WASHINGTON — The Department of Veterans Affairs announced that it has permanently housed 38,847 homeless Veterans through October of 2023 — surpassing the calendar year goal to house 38,000 Veterans two months early.  

Through October, VA has also engaged with 34,498 unsheltered Veterans to connect them with the housing and resources they need, exceeding the Department’s calendar year goal by 123%; ensured that 96.2% of Veterans housed have remained in housing, exceeding the Department’s calendar year goal by 1.2%; and ensured that 93.1% of the Veterans who returned to homelessness have been rehoused or are on a pathway to rehousing, exceeding the Department’s calendar year goal by 3.1%.

Ending Veteran homelessness is a top priority of VA and President Biden, who has made supporting Veterans a key pillar of his Unity Agenda for the nation. In 2022 alone, VA housed more than 40,000 formerly homeless Veterans, prevented more than 17,700 Veterans and their families from falling into homelessness, and helped nearly 191,700 additional Veteran families who were experiencing financial difficulties to retain their homes or avoid foreclosure.
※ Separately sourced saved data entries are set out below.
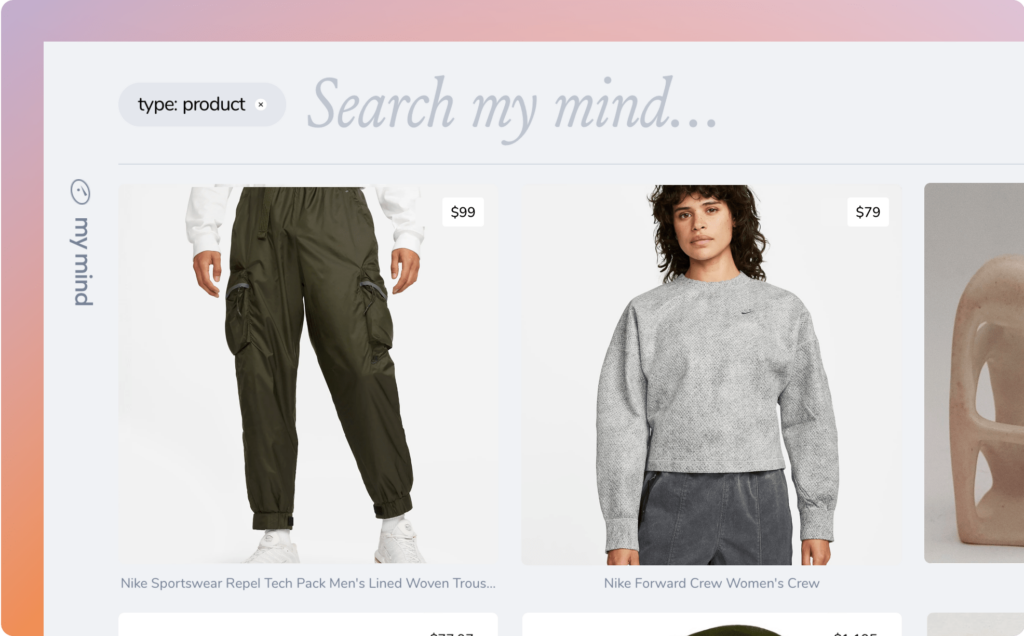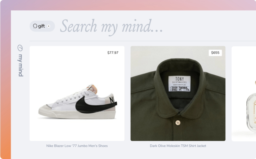 You can also use mymind to remember gift ideas for yourself. Just save the link and it will show up as a product in your mind. A quick type:product search will reveal everything on your wishlist.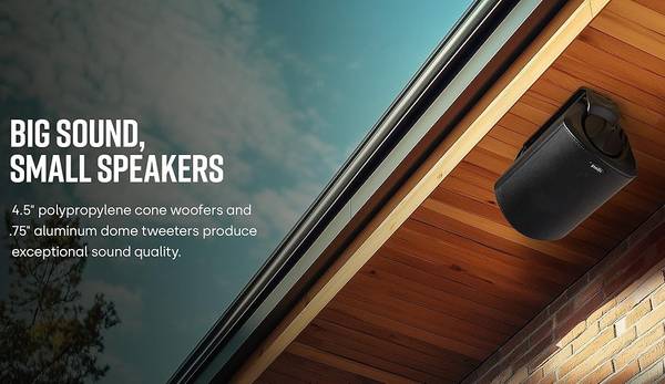 CONNECTIVITY - Features gold-plated 5-way binding posts for secure connection to any modern AVR or amplifier. Ideal for small to medium outdoor areas including patios, pools, and sunrooms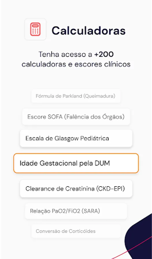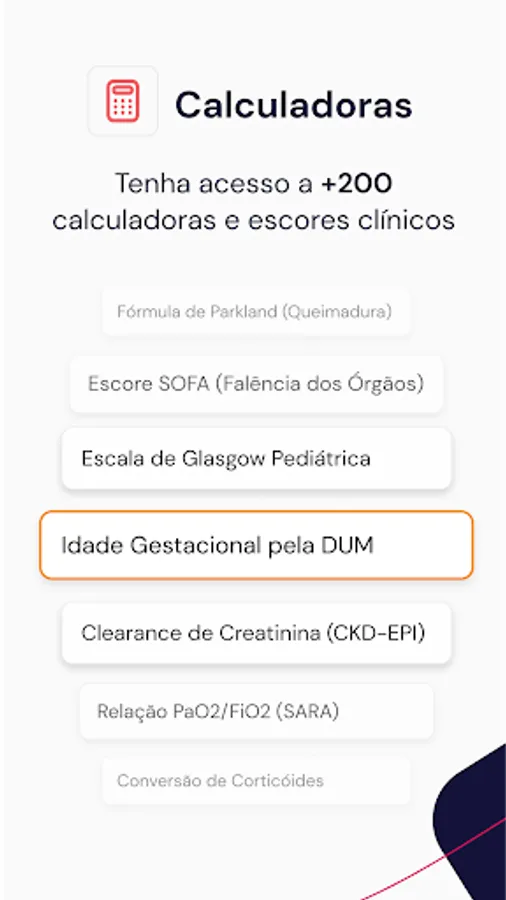* Medical Calculators and Scores: access to the most important medical calculators and scores for clinical decision making, such as: gestational calculator (e.g. Gestational Age calculator by LMP); ventilation calculators (e.g.: Arterial Blood Gas Interpreter); kidney function calculator (e.g.: Creatinine Clearance - Cockroft-Gault); scales (e.g.: RASS Scale and Ramsay Scale); pediatric scores (e.g.: Pediatric Glasgow Scale); clinical scores (e.g.: Risk of Mortality in HF); infusion pump (e.g.: Conversion of Drops/min to mL/h) and various calculators, such as Mini Mental. Don't waste any more time racking your brain with calculations: there are more than 170 tools available!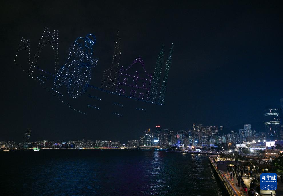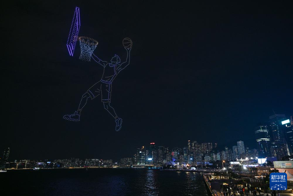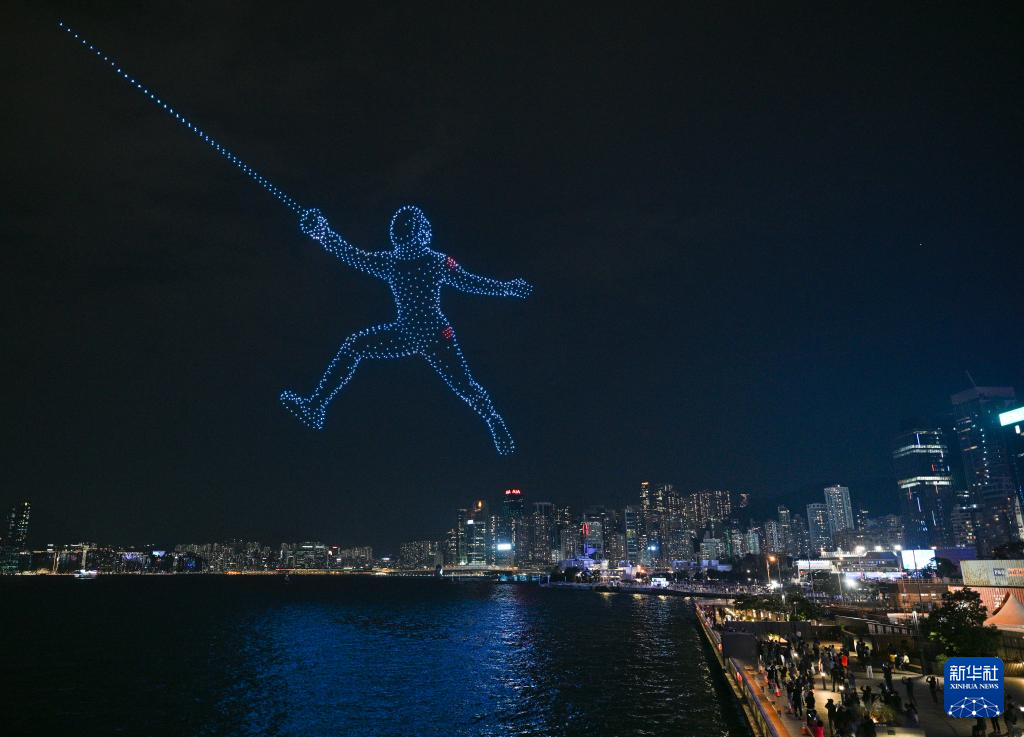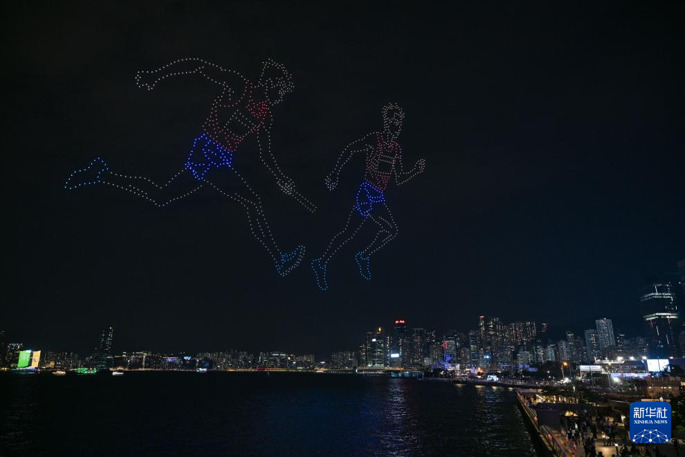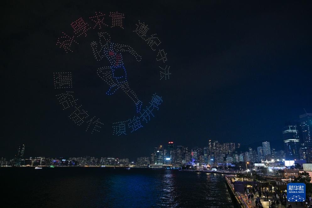 11月18日,“体育力量 闪耀香江”大型无人机表演在香港维多利亚港举行。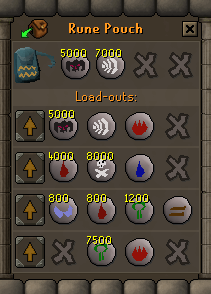 Keep moving down and we get to what you're all waiting for: Load-outs. Clicking any of the arrows (on the left of each row) will automatically replace whatever's in your pouch with whatever load-out you've selected. Any displaced runes will be moved into the Bank, while any runes 'added' to the pouch will be added in the following order of priority: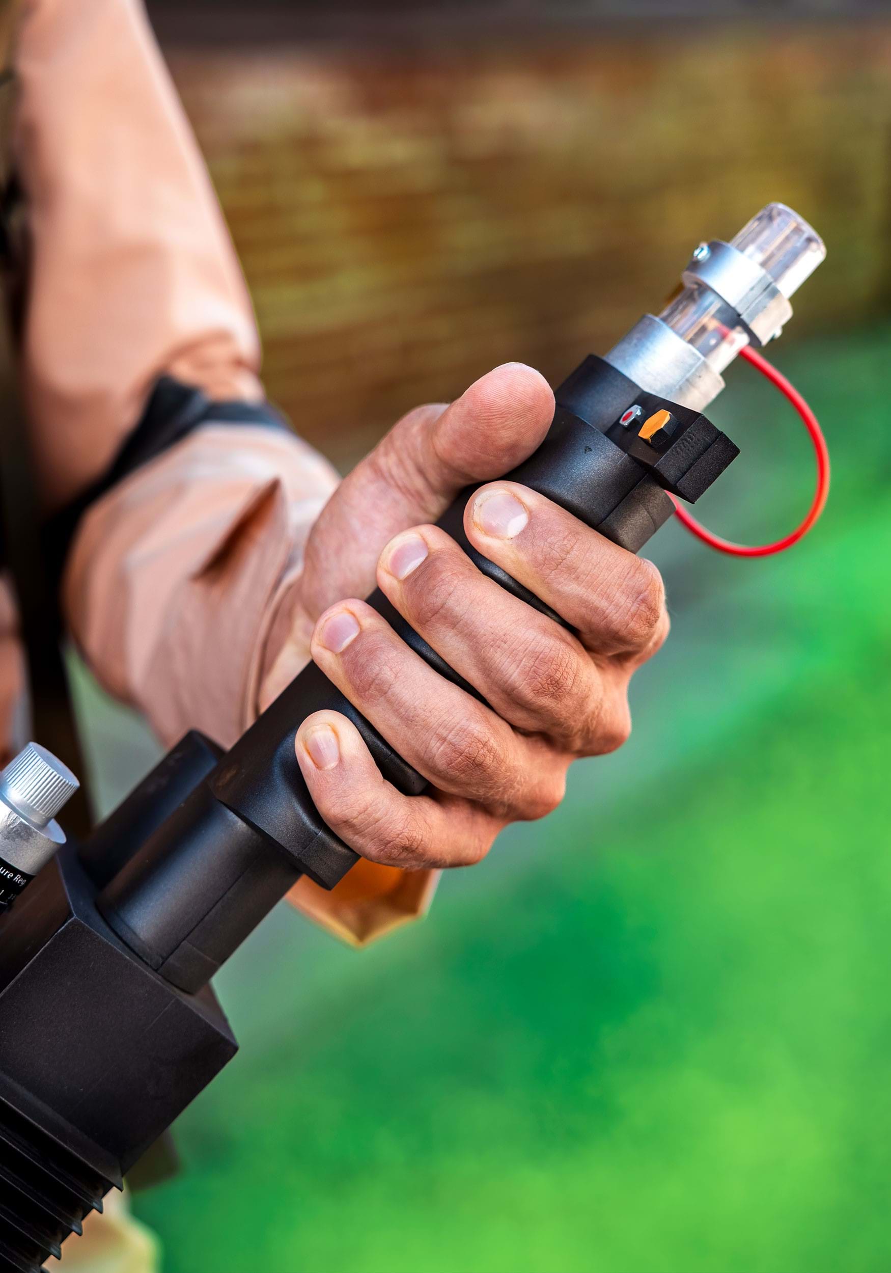 - When activated by push button on wand grip, pack lights up and makes movie realistic sounds
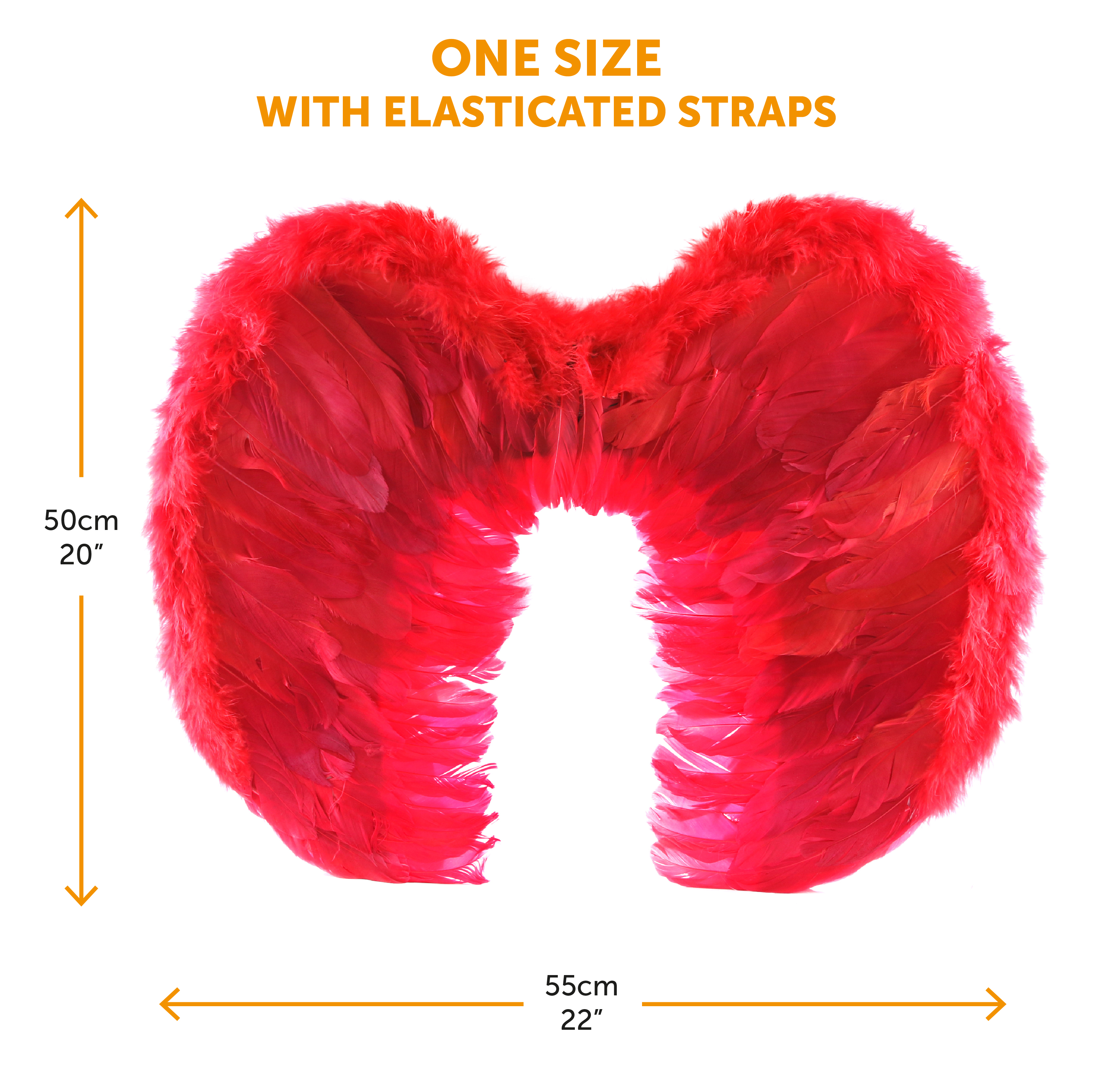 ONE SIZE FITS MOST: The Devil Horn Headband and Red Feather Wings are designed to fit most Adults comfortably by being a suitable one size!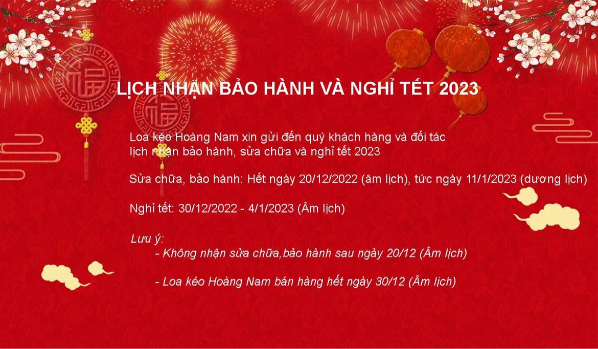 Hòa chung niềm vui năm mới, Loa Kéo Hoàng Nam cũng xin trân trọng thông báo lịch nghỉ Tết Nguyên Đán cũng như lịch nhận bảo hành như sau: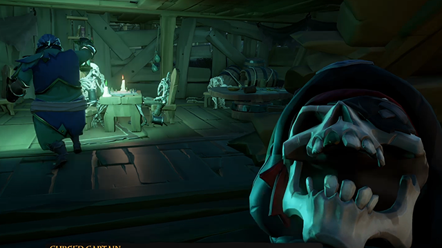 Light the candle on the table, and scene will play out, where one skeleton is out of grog. You will need to bring Captain Bones Special Recipe to refill his tankard, and the head of the Cursed Captain.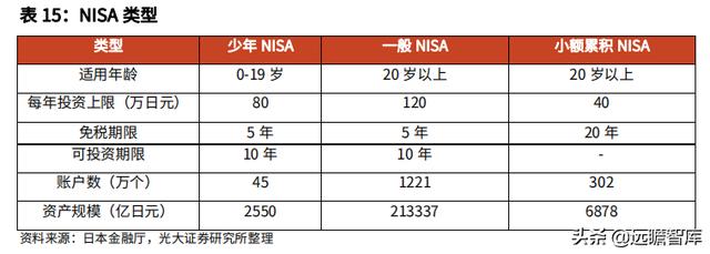 日本个人储蓄账户计划 NISA 是由日本金融厅推行的个人储蓄账户,旨在鼓励居民将闲置资金进行多元化投资,从而促进资本市场发展,因此 NISA 本质上是为个人储蓄投资于资本市场而设立的免税账户,投资收益同样享受免除 20.315%资本利得税的优惠。截至 2020 年,NISA 的资产规模为 22.02 万亿日元,同比增长 21.11%。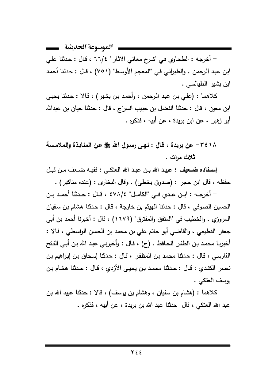 ٣٤١٨ - عن بريدة، قال: نهى رسول الله - صلى الله عليه وسلم - عن المنابذة والملامسة ثلاث مرات.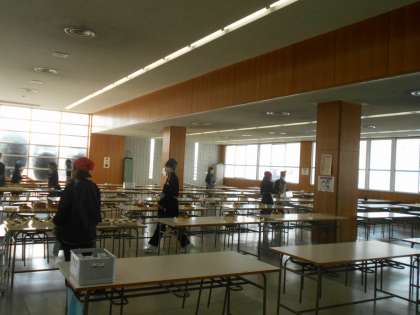(写真は、昼食ホールでの1年生の給食準備の様子です。)

Thanks in part to these efforts, the number of Veterans experiencing homelessness has fallen by 11% since early 2020 and by more than 55% since 2010. 

“More than 38,000 Veterans now have the safe, stable homes that they deserve — and there’s nothing more important than that,” said VA Secretary Denis McDonough. “While we met our goals for 2023, we’re not stopping here. We’re going to keep pushing — through the end of this calendar year and beyond — until every Veteran has a safe, stable place to call home in this country they fought to defend.”

VA’s efforts to combat Veteran homelessness are grounded in reaching out to homeless Veterans, understanding their unique needs, and addressing them. These efforts are built on the evidence-based “Housing First” approach, which prioritizes getting a Veteran into housing, then providing them with the wraparound support they need to stay housed, including health care, job training, legal and education assistance, and more. This initiative is part of the Biden-Harris Administration’s broader efforts to reduce homelessness.

VA has also made progress in combating Veteran homelessness in the Greater Los Angeles area, providing 1,464 homeless Veterans with permanent housing thus far this year — which is the most of any city in America and on pace to exceed VA’s calendar year goal for 2023. Last year, VA provided 1,301 permanent housing placements to formerly homeless Veterans in LA, the most of any city in America.

VA staff and its community partners nationwide help Veterans find permanent housing such as apartments or houses to rent or own, often with subsidies to help make the housing affordable. In some cases, VA staff and partners help Veterans end their homelessness by reuniting them with family and friends.